Seeds

Short thoughts, unpolished but cultivated

Auto-distillation for tasks by large models

We’re in the era where large models that run in the cloud can handle most straightforward tasks fairly quickly and accurately. The downside being, they are large, expensive models that run in the cloud. There’s many tasks that could be done quickly and effectively with smaller, specifically trained local models on my own machine with my own compute, without a dependency on Anthropic, OpenAI, OpenRouter, or whatever the cloud provider du jour is.

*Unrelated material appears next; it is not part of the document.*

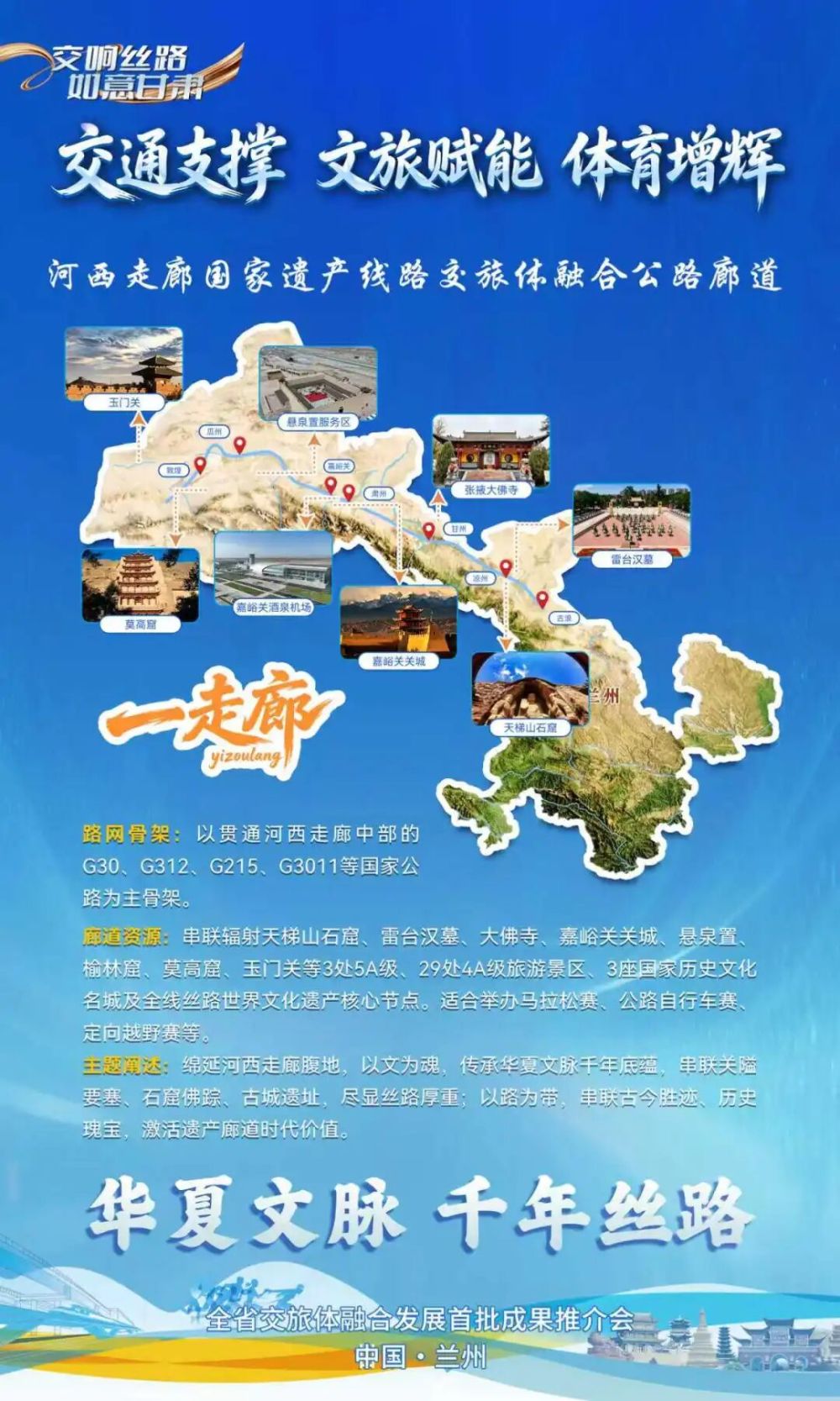以“華夏文脈 千年絲路”為主題,打造河西走廊國(guó)家遺產(chǎn)線路交旅體融合廊道,即“一走廊廊道”。

What if we made making these smaller distilled models a core part of our workflows?

I’ve not sussed out a great interface for it yet, but the general workflow is that a larger model (or its harness) can identify when you are repeating a similar task multiple times. If it’s a task that it deems “simple”, it creates its own dataset of examples to train a much smaller model on. Some good cases for this could be categorization (eg, organize these downloads), simple data extraction (eg, get the first names out of this json), summarization, image conversion (eg, does this image that the user just downloaded need to be converted to a jpeg?), and similar tasks.

The advantage here being that, when tuned for one specific task, a smaller model can be much more efficient at tasks that it is capable of doing. It can be loaded into memory faster, so we can essentially run them as “on-demand” models. Their cost-effectiveness and speed would allow us to have a handful (or more) of very specific models that are able to do one thing, and do one thing well. Unlocking cost-effective automations that work online and offline, and are speedy, private, and essentially free because they run on our own hardware.

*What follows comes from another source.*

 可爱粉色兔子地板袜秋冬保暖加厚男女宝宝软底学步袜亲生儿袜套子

The dream would be some level of OS (or browser?) integration so that it can proactively identify and automate tasks that the user does frequently, so that the user doesn’t have to think about and identify tasks that could be effectively automated or accelerated by a model.

Challenges#

  • How does a model determine repetition, and “simple tasks”? That’s a hard problem to solve. Maybe v1 has the user manually specify these models, then publish them to some kind of marketplace for? Then you have the discovery issue, and the fact that the user (or agent) still needs to figure out which tasks are worth pulling a smaller model to automate.
  • Models struggle with correctness. How do you verify that this small, well-trained model is actually working properly?
  • As we create more and more models for specialized tasks, how do we keep track of them? Or update them? It could quickly turn into a model wrangling problem.
Permalink: Auto-distillation for tasks by large models

Will paying per token change when I run AI agents?

There’s an interesting phenomena where, with AI agents, I feel like if I don’t have my agents running on tasks, then I’m missing out or wasting time. Part of this is because orchestrating agents is fun, but I think the “not being wasteful” portion of this is also real. Other people have written about feeling like they are missing out if they don’t have agents running, too.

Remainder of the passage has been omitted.